Information provided START

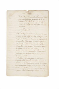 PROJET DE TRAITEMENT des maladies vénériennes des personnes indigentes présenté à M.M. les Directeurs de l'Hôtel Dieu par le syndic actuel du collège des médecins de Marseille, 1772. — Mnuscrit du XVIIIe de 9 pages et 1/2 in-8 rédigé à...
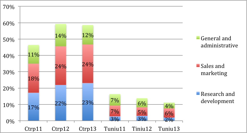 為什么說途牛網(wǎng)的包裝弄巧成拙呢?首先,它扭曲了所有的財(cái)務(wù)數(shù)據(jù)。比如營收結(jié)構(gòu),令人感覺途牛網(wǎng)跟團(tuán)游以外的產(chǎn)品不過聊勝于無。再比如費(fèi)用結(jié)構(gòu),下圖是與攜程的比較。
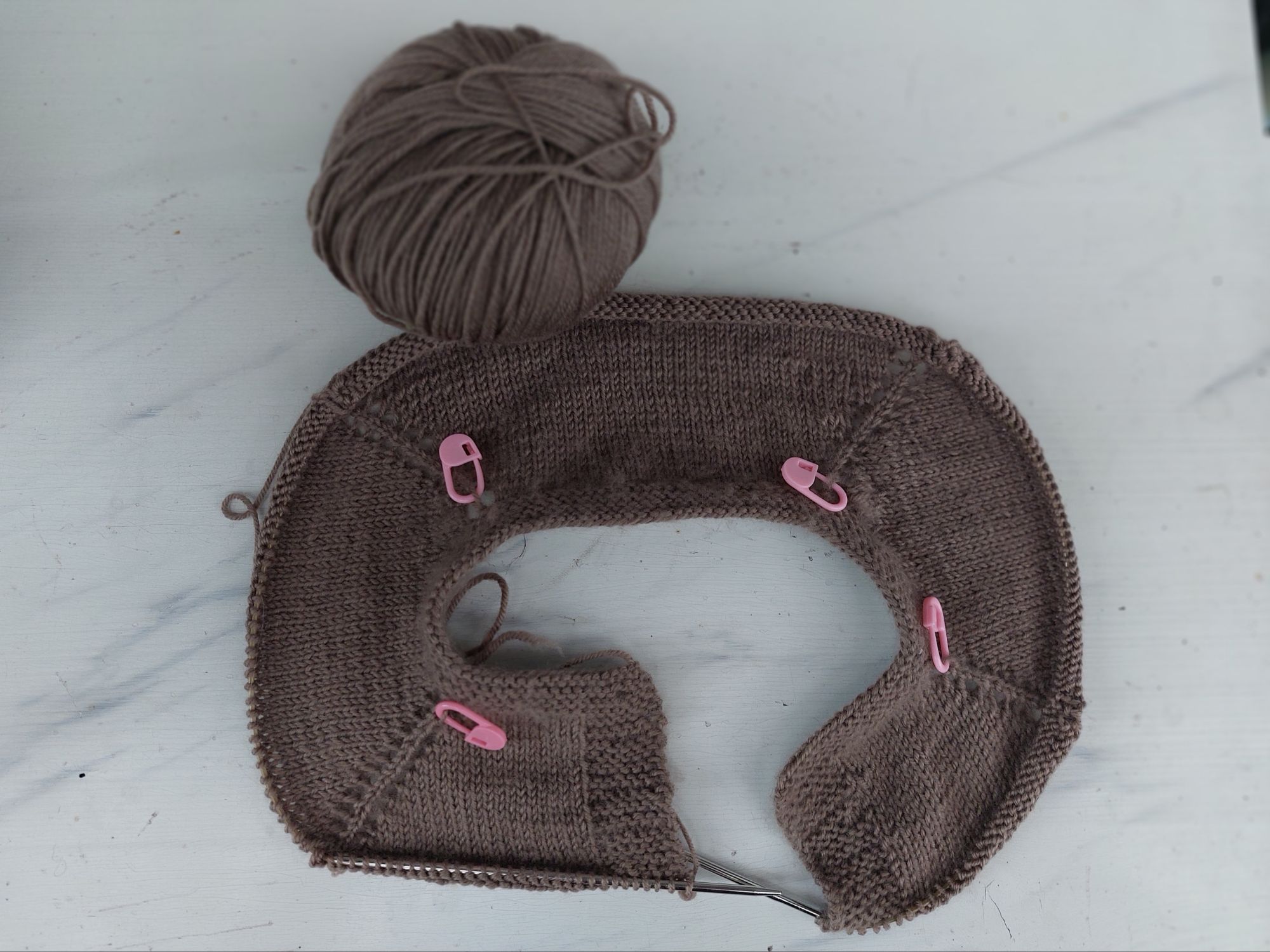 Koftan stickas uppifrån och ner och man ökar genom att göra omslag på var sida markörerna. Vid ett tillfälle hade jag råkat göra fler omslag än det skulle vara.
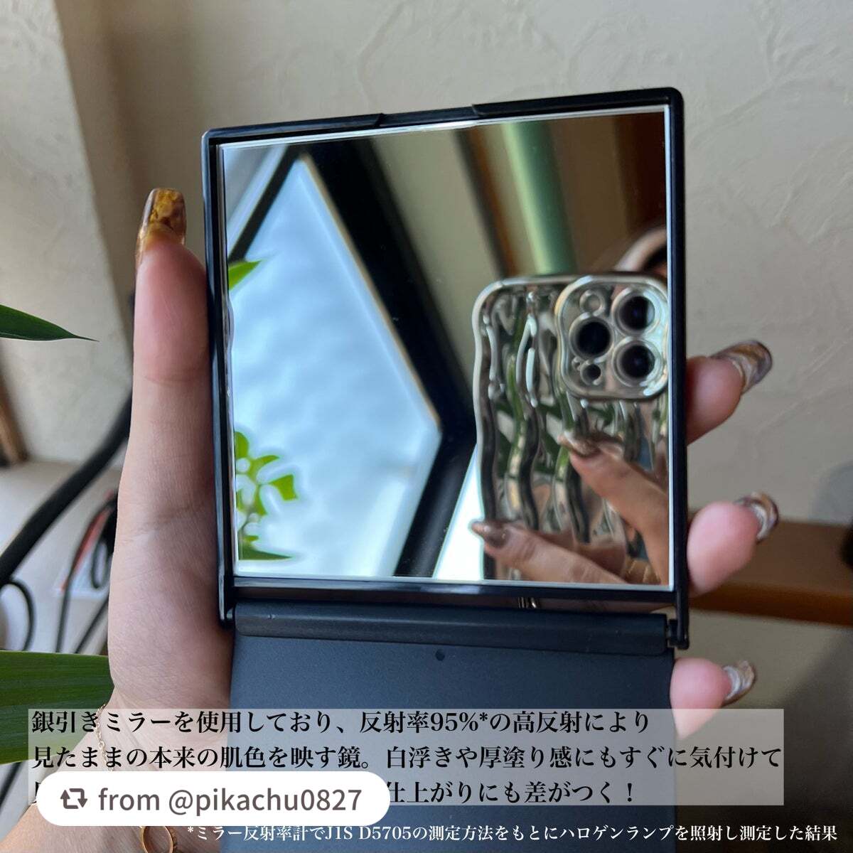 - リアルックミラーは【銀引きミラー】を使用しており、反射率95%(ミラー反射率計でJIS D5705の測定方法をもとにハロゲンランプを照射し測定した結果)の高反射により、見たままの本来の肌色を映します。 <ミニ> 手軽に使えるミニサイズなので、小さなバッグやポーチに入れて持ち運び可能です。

Information provided END
Information provided START

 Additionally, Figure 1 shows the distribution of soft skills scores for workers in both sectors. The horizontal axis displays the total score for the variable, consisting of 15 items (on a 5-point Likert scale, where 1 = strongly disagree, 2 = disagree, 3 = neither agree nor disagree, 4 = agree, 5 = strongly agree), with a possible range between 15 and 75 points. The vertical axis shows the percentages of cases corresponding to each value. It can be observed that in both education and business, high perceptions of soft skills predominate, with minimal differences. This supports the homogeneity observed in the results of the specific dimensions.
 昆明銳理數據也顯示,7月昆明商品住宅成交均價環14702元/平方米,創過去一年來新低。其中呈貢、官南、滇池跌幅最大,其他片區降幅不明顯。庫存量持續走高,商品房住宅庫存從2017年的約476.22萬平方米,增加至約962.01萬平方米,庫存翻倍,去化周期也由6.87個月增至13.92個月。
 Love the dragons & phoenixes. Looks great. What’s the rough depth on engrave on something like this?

Information provided END

What to produce | In the listing above, the required lines run from the line with "為什么說途牛網(wǎng)的" through the line with "Koftan stickas uppifrån". Output exactly those lines, omitting pictures.

Output of the task |
 為什么說途牛網(wǎng)的包裝弄巧成拙呢?首先,它扭曲了所有的財(cái)務(wù)數(shù)據(jù)。比如營收結(jié)構(gòu),令人感覺途牛網(wǎng)跟團(tuán)游以外的產(chǎn)品不過聊勝于無。再比如費(fèi)用結(jié)構(gòu),下圖是與攜程的比較。
 Koftan stickas uppifrån och ner och man ökar genom att göra omslag på var sida markörerna. Vid ett tillfälle hade jag råkat göra fler omslag än det skulle vara.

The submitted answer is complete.